Earlier kudzu studies have shown reduced consumption among alcohol-swilling monkeys, rats and hamsters. And while Lukas' study is small and preliminary, it is the first to conclude what the Chinese have maintained for centuries: that compounds in the ancient vine, also known as ge-gen, can help problem drinkers imbibe less.

Researchers aren't sure how it works, but Lukas suspects that active ingredients called isoflavones in the kudzu root increase blood flow, which helps alcohol get to the brain faster. This means drinkers "are getting cues that say, 'I'm feeling good, I'm OK, no need to suck down this entire beer,' " he said.

Binge drinkers don't usually pay attention to those cues. "They drink so darned fast, they don't have the opportunity to perceive the effects of the alcohol," Lukas said.

About 1 in 3 adult drinkers in the United States report binge drinking in the previous month. The Centers for Disease Control and Prevention defines binge drinking as five or more drinks at one sitting for men and four or more for women.

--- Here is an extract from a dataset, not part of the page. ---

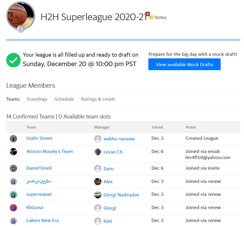 YAHOO NBA FANTASY HEAD TO HEAD LEAGUE!

Lukas recruited 14 heavy drinkers — 11 men and three women, aged 21 to 32 — for his study. The study showed those who took kudzu drank an average of 1.8 beers per session compared with their original 3.5, while those on a placebo drank the same as before.

Unlike drug treatments for alcoholism, no side effects were reported from the kudzu. "Nothing," Lukas said. "We were stunned."

Kudzu was introduced to the United States in 1876. The federal government once promoted it for erosion control, paying farmers up to $8 an acre to fill their fields with it.

Perhaps too late, the hairy-stemmed vine with 8-inch leaves and mammoth roots was declared a noxious invader. In the South, kudzu has smothered millions of acres of forest and all else in its path, including bridges, buildings, signs, utility poles and cars.